Wednesday 20 May 2009

Shouting from Copenhagen

At the new Absinthe blog, U.S. expat writer and translator Thomas E. Kennedy contributes another of his Shouts from Copenhagen:
Here I can gaze across to a first floor apartment occupied more than 150 years ago by the father of existentialism Søren Kierkegaard, across from that The White Lamb serving house, shelled by the British in 1807, under orders of the Duke of Wellington, the year it opened. Now, 202 years later, Wellington is dust in his grave and The White Lamb continues to serve golden pints.

2 comments:

Harry said...

For a comprehensive account of the shelling of Copenhagen in 1807, see Thomas Munch-Petersen "Defying Napoleon: How Britain Bombarded Copenhagen and Seized the Danish Fleet in 1807" (Sutton Publishing, 2007).

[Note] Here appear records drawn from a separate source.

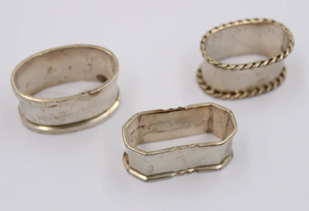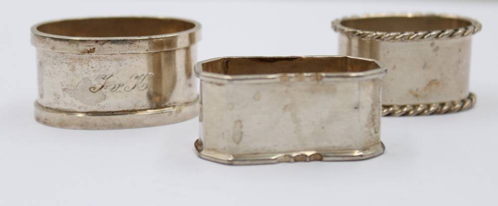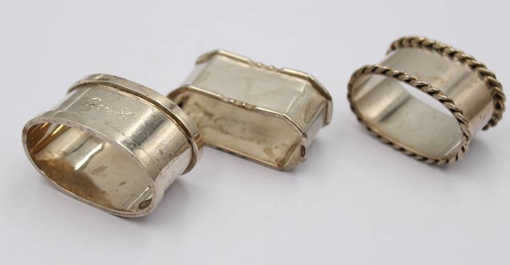 3x div. kl. Serviettenringe, Silber gepr., Pfeilpunze?, 1x Ziermonogramm, zus. 31gr., ca. B-3,7cm
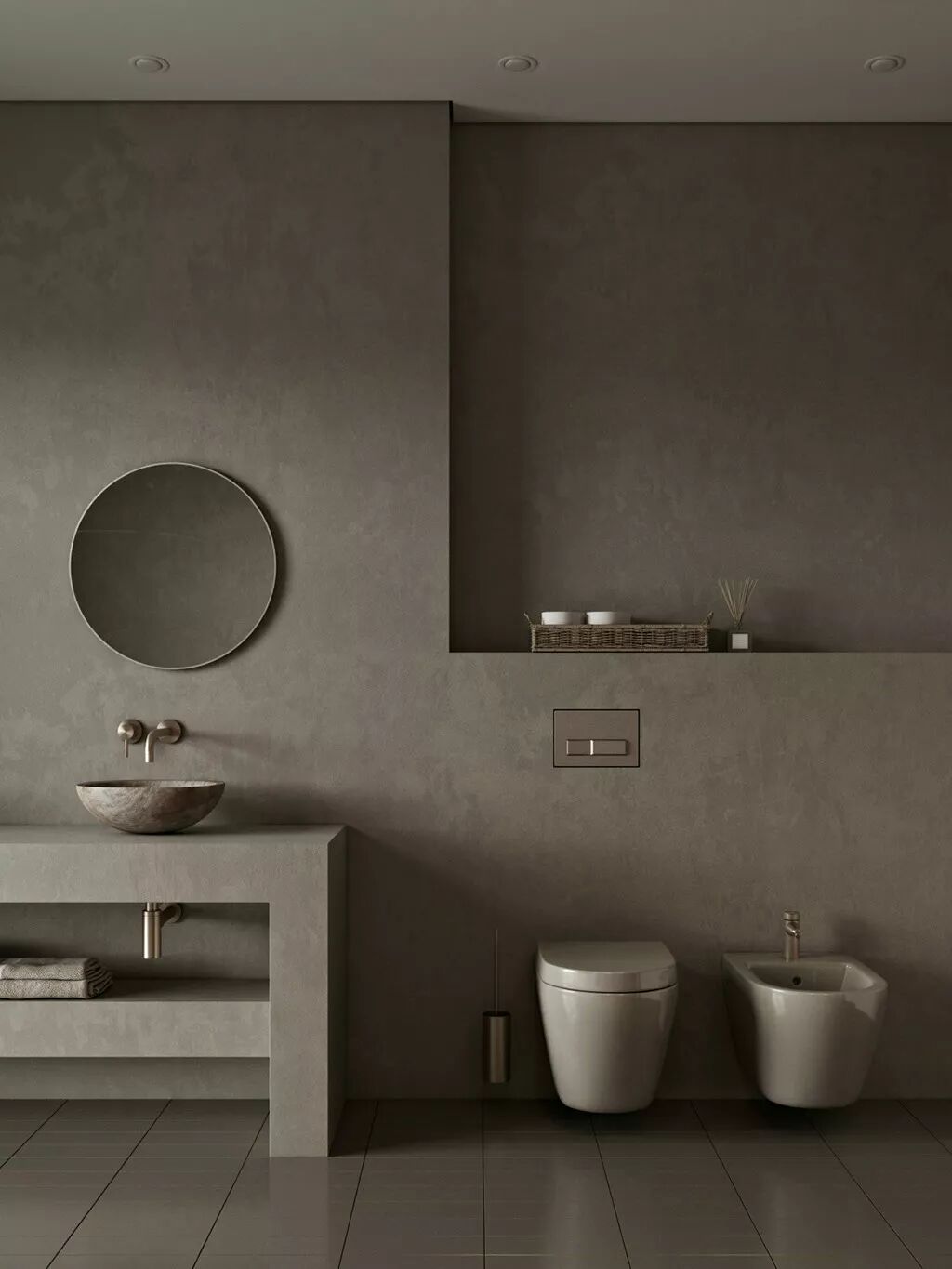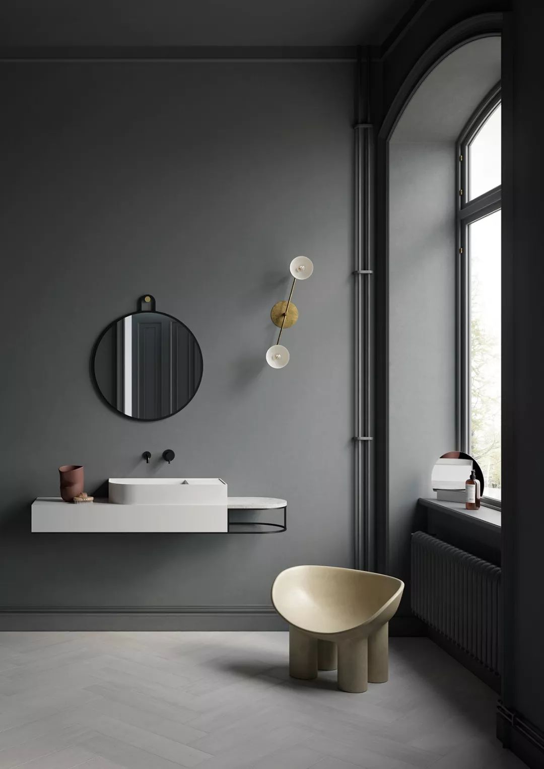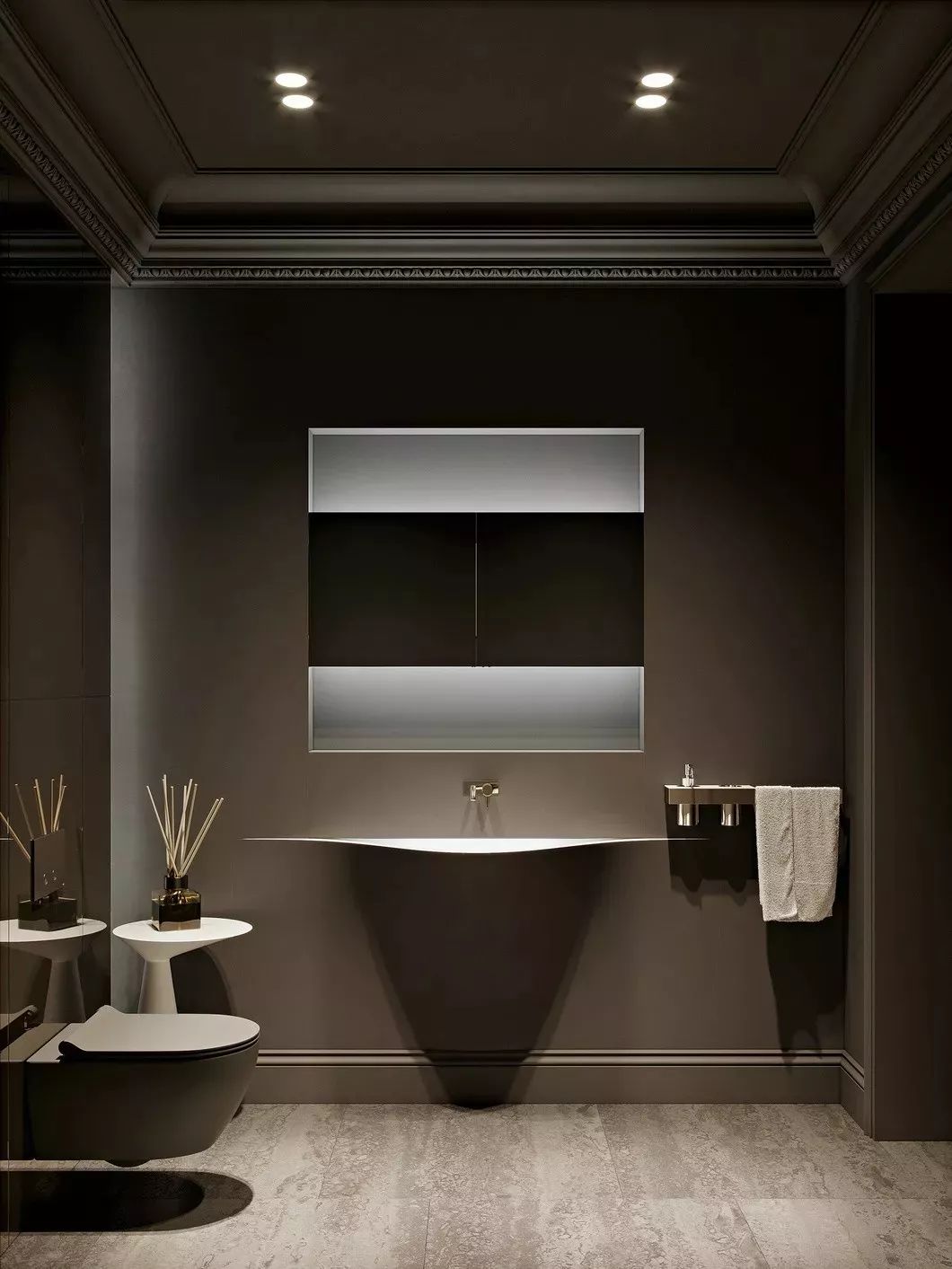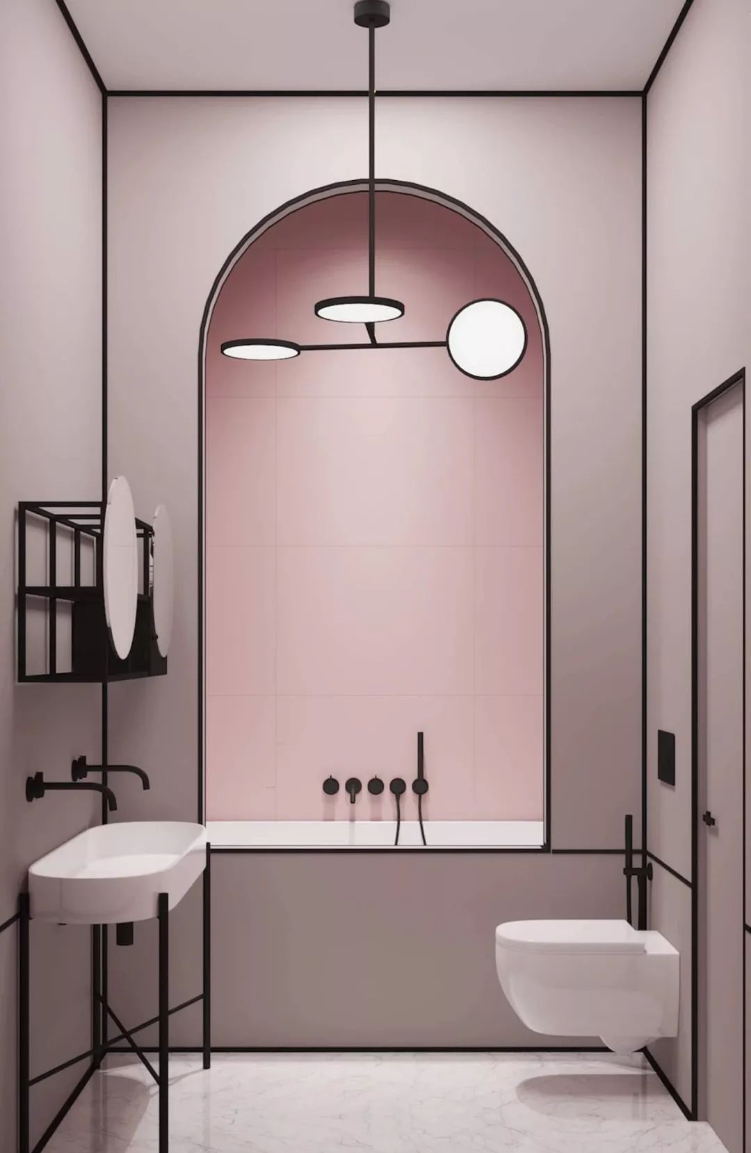 悬挂式洁具给空间增色不少,设计感十足。挂在墙上的洗手池犹如一个装置,一个端景,带来美好的视觉享受。
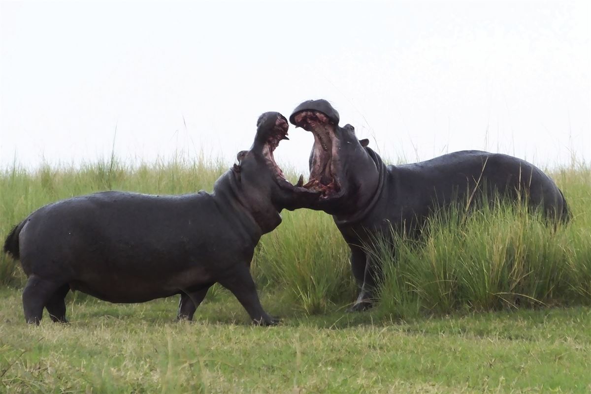 Von den Mokoros aus Erkundungen. In den Lagunen und Seen leben Krokodile, Flusspferde und an den schilfumsäumten Wasserkanälen lebt eine prächtige Vogelwelt. Zwischendurch immer wieder mal eine Pirsch zu Fuß auf den Inseln, vielleicht sichten wir die seltene und scheue Sitatunga-Antilope.
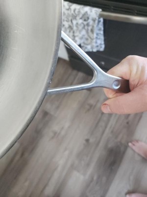 - Stay-cool, shot-blasted 18/10 stainless-steel handles are securely welded and extremely hygienic; oversize loop handles (on Dutch oven) allow for easy maneuvering

Some of the fishermen from my native village in Fife were called up as naval reservists for that action in 1807, as recorded by our local parish historian. The bombardment of Copenhagen divided opinion in the House of Commons and the country at large, with the Radicals - forerunners, I suppose, of the (old!) Labour party and the Liberals combined - calling it an act of blackguardism, and the Tories hailing it as another victory for British arms.

It was a pre-emptive strike - there were fears that Denmark, then neutral, was about to declare for Napoleon, so we went over there and took out their fleet and bombarded their capital to make them think again.

Harry

David McDuff said...

On the other hand, of course, Denmark has Britain to thank for liberating it from the German forces in May 1945.